Most of the prenatal androgen effects occur between 7 and 12 weeks of gestation.

- Genital virilization (midline fusion, phallic urethra, scrotal thinning and rugation, phallic enlargement)
- Development of prostate and seminal vesicles

Early infancy androgen effects are the least understood. In the first weeks of life for male infants, testosterone levels rise. The levels remain in a pubertal range for a few months, but usually reach the barely detectable levels of childhood by 4-6 months of age. The function of this rise in humans is unknown. It has been speculated that "brain masculinization" is occurring since no significant changes have been identified in other parts of the body.

Early postnatal effects are the first visible effects of rising androgen levels in childhood, and occur in both boys and girls in puberty.

- Adult-type body odor
- Increased oiliness of skin and hair, acne
- Pubarche (appearance of pubic hair)
- Axillary hair
- Growth spurt, accelerated bone maturation
- Fine upper lip and sideburn hair

Advanced postnatal effects begin to occur when androgen has been higher than normal adult female levels for months or years. In males these are normal late pubertal effects, and only occur in women after prolonged periods of excessive levels of free testosterone in the blood.
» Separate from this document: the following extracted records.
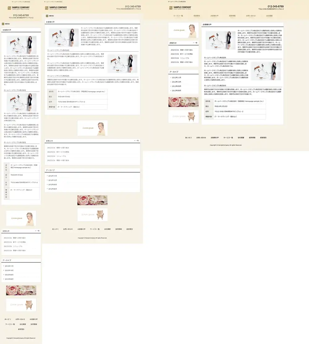 ※一部機種におきましては表示レイアウトがサンプルサイトと異なって表示される場合がございますので予めご了承下さいますようお願い申し上げます。
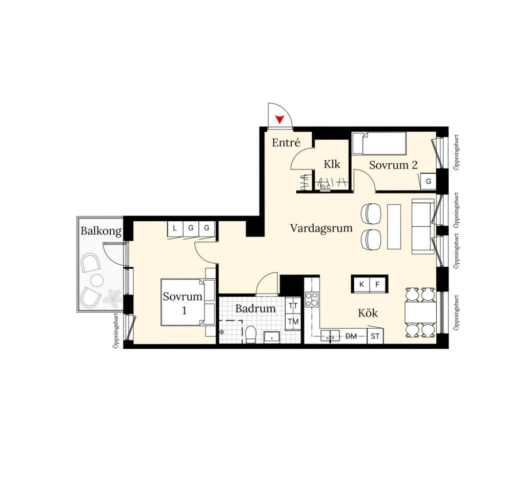Denna trea har luftiga ytor och en social planlösning. När du öppnar dörren möts du av en entréhall med avhängning och förvaring i klädkammare. Sedan öppnar hemmet upp sig i ett stort rum där kök, matplats och vardagsrum smälter samman i en halvöppen planlösning. Köket är utrustat med allt som ett modernt kök ska ha: kyl och frys i fullhöjd, diskmaskin, mikrovågsugn, spis med induktionshäll och varmluftsugn. Allt i ett stilrent vitt utförande. Köket är också utrustat med kolfilterfläkt.
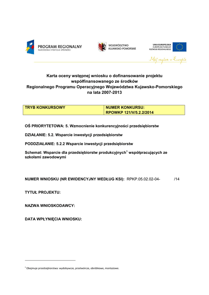 Karta oceny wstępnej wniosku o dofinansowanie projektu współfinansowanego ze środków Regionalnego Programu Operacyjnego Województwa Kujawsko-Pomorskiego na lata 2007-2013 TRYB KONKURSOWY NUMER KONKURSU: RPOWKP 121/V/5.2.2/2014 OŚ PRIORYTETOWA: 5. Wzmocnienie konkurencyjności przedsiębiorstw DZIAŁANIE: 5.2. Wsparcie inwestycji przedsiębiorstw PODDZIAŁANIE: 5.2.2 Wsparcie inwestycji przedsiębiorstw Schemat: Wsparcie dla przedsiębiorstw produkcyjnych1 współpracujących ze szkołami zawodowymi NUMER WNIOSKU (NR EWIDENCYJNY WEDŁUG KSI): RPKP.05.02.02-04- TYTUŁ PROJEKTU: NAZWA WNIOSKODAWCY: DATA WPŁYNIĘCIA WNIOSKU: 1 Obejmuje przedsiębiorstwa: wydobywcze, przetwórcze, obróbkowe, montażowe. /14 W. KRYTERIA OCENY WSTĘPNEJ (ocena dokonywana jest na podstawie informacji zawartych w formularzu informacji niezbędnych do dokonania oceny wstępnej projektu)1 Nr Kryterium / Opis kryterium Oceniający 1 TAK A.6 NIE Oceniający 2 ND TAK NIE ND Formalna dopuszczalność projektu. Zgodność dokumentacji projektowej z dokumentacją konkursową. Czy wniosek o dofinansowanie projektu/formularz informacji niezbędnych do dokonania oceny wstępnej projektu został złożony we właściwym terminie określonym 2 w dokumentacji konkursowej? Czy Wnioskodawca złożył opatrzony podpisem i prawidłowo wypełniony formularz informacji niezbędnych do dokonania oceny wstępnej projektu? (jeśli dotyczy) Nr B.2.1 B.2.2 Kryterium / Opis kryterium Sposób określenia liczby punktów za opcje w ramach kryterium Minimalna liczba punktów Punkty Oceniający 1 Punkty Oceniający 2 B.2.1/ Lokalizacja projektu /Projekt realizowany w powiecie o stopie bezrobocia2: Mniejszej lub równej 10,11% (m. Toruń, m. Bydgoszcz); 0 – nie 2 - tak >10,11%<=17,50% (Powiaty: Świecki, Brodnicki, Bydgoski); 0 – nie 4 – tak >17,50%<=20,70% (Powiaty: Toruński, Rypiński, m. Grudziądz, m. Włocławek);) 0 – nie 6 - tak >22,70%<=22,95% (Powiaty: Aleksandrowski, Nakielski, Sępoleński, Wąbrzeski, Mogileński, Żniński, Tucholski); 0 – nie 8 - tak >22,95% (Powiaty: Lipnowski, Włocławski, Grudziądzki, Radziejowski, Chełmiński, Golubsko-Dobrzyński, Inowrocławski). 0 – nie 10 - tak 2 B.2.2. Aktualna kompleksowość powiązania przedsiębiorcy ze szkołą zawodową z województwa kujawsko-pomorskiego3 Praktyczna nauka zawodu u pracodawcy (organizacja zajęć w rzeczywistych warunkach pracy) 0 – nie 1 - tak 1 2 Dane WUP na koniec 09.2013 r. Stopa bezrobocia dla województwa kujawsko-pomorskiego wynosi 17,5%. Weryfikacja na podstawie umowy pomiędzy przedsiębiorcą a szkołą zawodową (lub organem prowadzącym szkołę) w rozumieniu ustawy z dnia 7 września 1991 r. o systemie oświaty (Dz. U. z 2004 r. Nr 256, poz. 2572 z późn. zm.) zawartej przed dniem ogłoszenia konkursu i obowiązującej na moment ogłoszenia konkursu. Jeśli umowa nie jest aktualna na dzień ogłoszenia konkursu, ale obowiązywała w ciągu ostatnich 3 lat działalności przedsiębiorstwa, należy przyznać 50% odpowiadającej liczbie punktów. 3 2 B.2.3 Staże dla nauczycieli i uczniów (organizacja nauki w miejscu pracy) 0 – nie 1 - tak Specjalistyczne kursy/szkolenia dla uczniów kończące się dokumentem honorowanym przez pracodawców 0 – nie 0,5 - tak Specjalistyczne szkolenia i kursy dla nauczycieli przedmiotów zawodowych 0 – nie 0,5 - tak Organizacja krajowych wizyt studyjnych 0 – nie 0,5 - tak Organizacja zagranicznych wizyt studyjnych 0 – nie 0,5 - tak Dotowanie i doposażenie klasy patronackiej 0 – nie 2 - tak Fundowanie stypendiów dla najzdolniejszych uczniów klasy patronackiej 0 – nie 1 - tak Gwarantowanie pracy najzdolniejszym absolwentom klasy patronackiej 0 – nie 1 - tak Stanowiska egzaminacyjne u przedsiębiorcy (pracodawcy) 0 – nie 2 - tak B.2.3 Planowana kompleksowość powiązania przedsiębiorcy ze szkołą zawodową z województwa kujawsko-pomorskiego4 Praktyczna nauka zawodu u pracodawcy (organizacja zajęć w rzeczywistych warunkach pracy) 0 – nie 1 - tak Staże dla nauczycieli i uczniów (organizacja nauki w miejscu pracy) 0 – nie 1 - tak Specjalistyczne kursy/szkolenia dla uczniów kończące się dokumentem honorowanym przez pracodawców 0 – nie 0,5 - tak Specjalistyczne szkolenia i kursy dla nauczycieli przedmiotów zawodowych 0 – nie 0,5 - tak Organizacja krajowych wizyt studyjnych 0 – nie 0,5 - tak Organizacja zagranicznych wizyt studyjnych 0 – nie 0,5 - tak Dotowanie i doposażenie klasy patronackiej 0 – nie 2 - tak Fundowanie stypendiów dla najzdolniejszych uczniów klasy patronackiej 0 – nie 1 - tak 5 4 Weryfikowana na podstawie umowy przedsiębiorcy ze szkoła zawodową (lub uprawnionym organem) podpisanej w okresie od ogłoszenia konkursu do dnia złożenia wniosku o dofinansowanie projektu (umowę należy dołączyć do wniosku o dofinansowanie projektu – na jej podstawie przyznane zostaną punkty w ramach przedmiotowego kryterium), obowiązująca co najmniej przez okres trwałości projektu (możliwość uzależnienia jej obowiązywania od otrzymania dofinansowania). 3 Gwarantowanie pracy najzdolniejszym absolwentom klasy patronackiej 0 – nie 1 - tak Stanowiska egzaminacyjne u przedsiębiorcy (pracodawcy) 0 – nie 2 - tak ŁĄCZNA LICZBA PUNKTÓW WYNIK OCENY WSTĘPNEJ OCENIAJĄCY 1: TAK/ND OCENIAJĄCY 2: OCENA POZYTYWNA OCENA POZYTYWNA WNIOSEK ODRZUCONY WNIOSEK ODRZUCONY WNIOSEK SKIEROWANY DO UZUPEŁNIENIA WNIOSEK SKIEROWANY DO UZUPEŁNIENIA TAK/ND UWAGI: OCENIAJĄCY 1: Miejsce, Data Toruń, OCENIAJĄCY 2: Imię i nazwisko oraz podpis Miejsce, Data Toruń, Imię i nazwisko oraz podpis SPRAWDZENIE I AKCEPTACJA DOKONANEJ OCENY POTWIERDZAM POPRAWNOŚĆ DOKONANIA OCENY PRZEZ OSOBY SPRAWDZAJĄCE I AKCEPTUJĘ JEJ WYNIKI JAKO OSTATECZNE STANOWISKO INSTYTUCJI ZARZĄDZAJĄCEJ WSKAZUJĘ: WYNIK OCENY WSTĘPNEJ: TAK/ND UWAGI: • OCENA POZYTYWNA • WNIOSEK ODRZUCONY • WNIOSEK SKIEROWANY DO UZUPEŁNIENIA SPRAWDZENIE I AKCEPTACJA KOORDYNATOR ZESPOŁU Toruń,
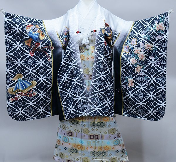 | 品質 | すべて新品 仕立て上がり(すぐ着用できます) ※既製品ですが、上げはとられていないので、一般的な三歳~五歳サイズですとお直し(肩上げ腰上げ)が必要です ★綸子地に金糸で彩られた豪華な柄がキラリと光る祝着です。 綺麗な染料で染色されていて、とても見栄えが良いです♪ ★羽織、着物、袴の表地に高質ポリエステルを使用 ・高質ポリエステルの特徴 1.正絹と比べても見劣りしません。 (むしろ低質な正絹よりも高質ポリエステルの方が、見栄えが断然良いです。) ※ポリエステルより正絹が良い品質とされたのは、昔のこと。 近年の合繊技術向上により、ほとんど見劣ることがございません。 2.合繊であるため正絹と比べて保存状態が良く、長い時間を経ても状態が変化しにくいです。 3.万一、汚れても洗うことができます。 その場合は、クリーニングに出すことをお勧めいたしますが、正絹より安価で取り扱っていただけます。 ★豪華でおしゃれな地紋の紋袴 羽織、着物、長襦袢、袴→表裏地ともに高質ポリエステル100% 草履→合皮素材  |
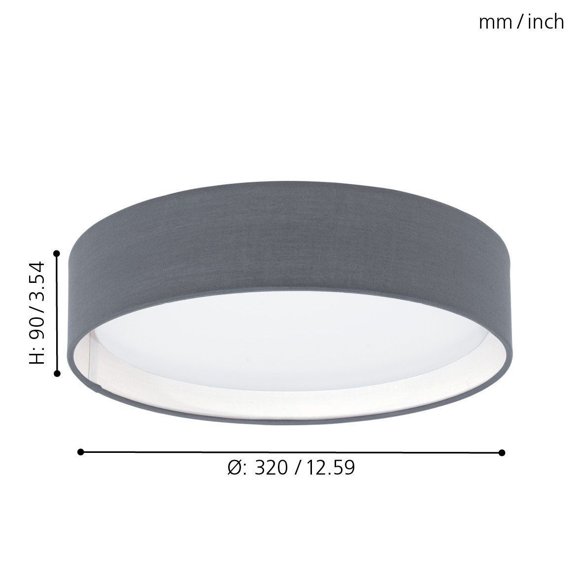 Φωτιστικό Πλαφόν Οροφής Led 3x3,6w 1100lm Warm White Ø320xH190mm Νίκελ Ματ- Ύφασμα Γκρι-Γυαλί Eglο Pasteri 31592
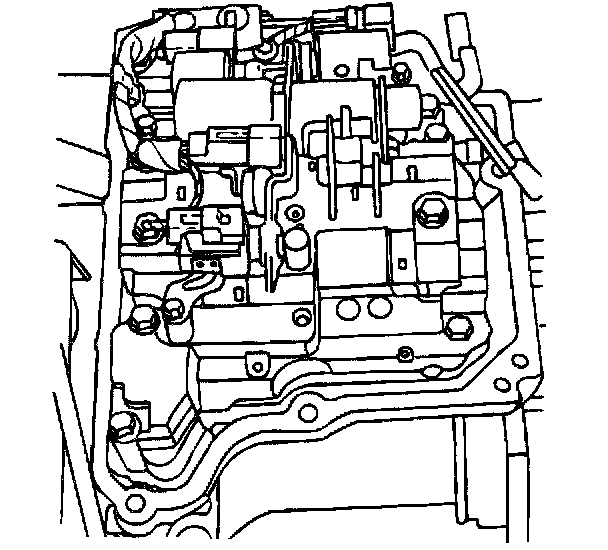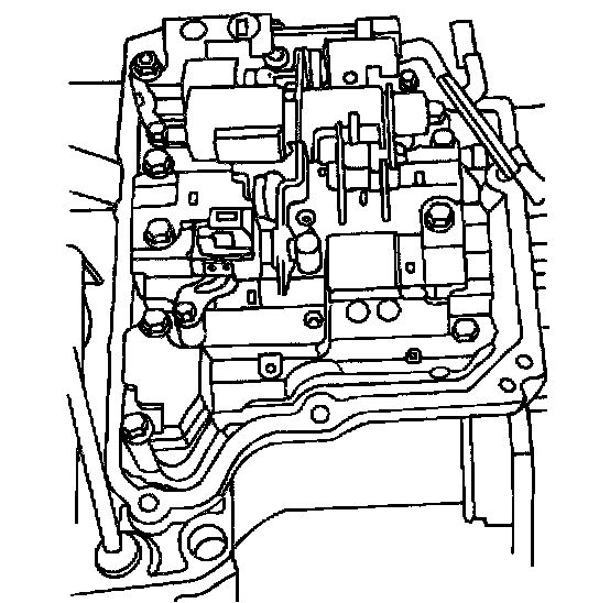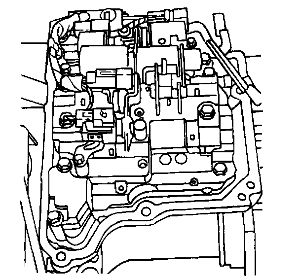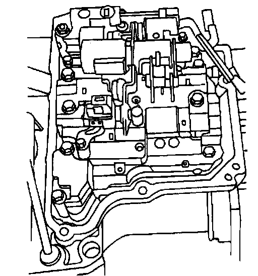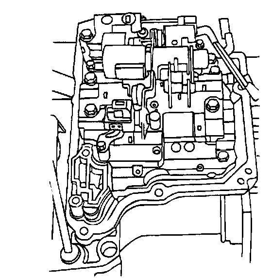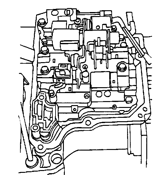 10. Loosen the seven valve body retaining bolts and remove six of the bolts. Support the valve body and remove the seventh bolt. Continue to support the valve body and carefully disconnect the manual valve connecting rod from the lever. Remove the valve body.

- Phallic enlargement (including clitoromegaly)
- Increased libido and erection frequency
- Pubic hair extends to thighs and up toward umbilicus
- Facial hair (sideburns, beard, mustache)
- Chest hair, periareolar hair, perianal hair
- Subcutaneous fat in face decreases
- Increased muscle strength and mass
- Deepening of voice
- Growth of the adam's apple
- Growth of spermatogenic tissue in testes, male fertility
- Growth of jaw, brow, chin, nose, and remodeling of facial bone contours
- Shoulders widen and rib cage expands
- Completion of bone maturation and termination of growth. This occurs indirectly via estradiol metabolites and hence more gradually in men than women.

"Adult testosterone effects" are important in adult males, and may decline as testosterone levels decline in the later decades of adult life.

- Maintenance of muscle mass and strength
- Maintenance of bone density and strength
- Libido and erection frequency
- Mental and physical energy

Michael Exton, Tillmann Krüger et al. examined the effect of a 3-week period of sexual abstinence on the neuroendocrine response to masturbation-induced orgasm .

"The procedure was conducted for each participant twice, both before and after a 3-week period of sexual abstinence. Plasma was subsequently analysed for concentrations of adrenaline, noradrenaline, cortisol, prolactin, luteinizing hormone and testosterone concentrations. Orgasm increased blood pressure, heart rate, plasma catecholamines and prolactin. These effects were observed both before and after sexual abstinence. In contrast, although plasma testosterone was unaltered by orgasm, higher testosterone concentrations were observed following the period of abstinence. These data demonstrate that acute abstinence does not change the neuroendocrine response to orgasm but does produce elevated levels of testosterone in males."

Another study has shown that serum testosterone levels peak seven days after abstaining from ejaculation.